El remedio no es romantizar la comunidad, demonizar a los titulares comerciales o depositar toda la confianza en los tribunales. Es diseñar el registro como un libro mayor estrecho con control responsable de los miembros. Los miembros deben saber quién puede votar. Deben saber qué están financiando. Deben saber cómo se autoriza la estrategia legal. Deben saber dónde termina la discreción de aplicación. Deben saber cómo se implementa la política de recursos escasos. Deben saber qué sucede si la junta falla. Deben saber si sus derechos son reconocidos en la estructura legal que gobierna la organización.

Esas son salvaguardas económicas, no formalidades procesales.

AFRINIC puede aún estabilizarse. Una junta en funcionamiento, un presupuesto creíble, estatutos más claros, controles electorales más fuertes y una estrategia legal disciplinada reducirían la prima que ahora se adjunta a su gobernanza. Pero la estabilidad no debe medirse solo por si los servicios permanecen en línea o si los organismos globales evitan la intervención de emergencia. Debe medirse por si el pequeño miembro que no puede cambiar de registro puede ver, entender e influir en la institución que registra su identidad de red.

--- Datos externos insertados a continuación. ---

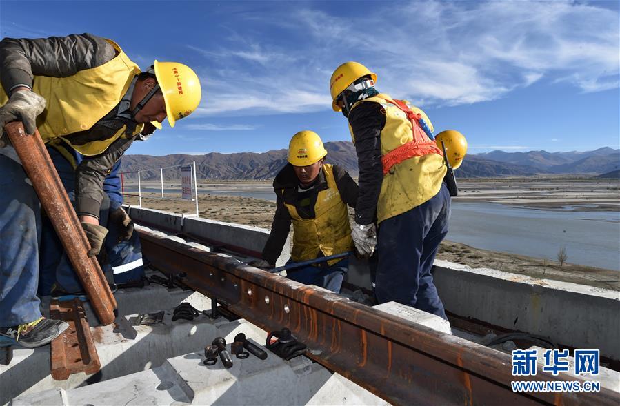 中鐵十一局的工人在川藏鐵路拉林段昌果特大橋進(jìn)行鋪軌作業(yè)(10月16日攝)。 近日,川藏鐵路拉薩至林芝段昌果特大橋開(kāi)始鋪設(shè)行軌排、架設(shè)梁片,標(biāo)志著川藏鐵路拉林段正式進(jìn)入鋪軌階段。 新華社記者 覺(jué)果 攝

Ese miembro es la razón por la que la rendición de cuentas importa. Paga porque debe. Depende porque el mercado reconoce solo un libro mayor regional. No puede diversificarse del registro de la manera en que puede diversificar proveedores ascendentes, vendedores o aseguradoras. Para ese miembro, AFRINIC no es un club. Es la capa administrativa detrás de los contratos de clientes, el valor de las direcciones, la seguridad de enrutamiento, el DNS inverso, las transferencias y el reconocimiento institucional. Un libro mayor obligatorio puede ser legítimo solo si las personas obligadas a usarlo pueden controlarlo.

La crisis de AFRINIC ha hecho imposible tratar esa lección como teoría.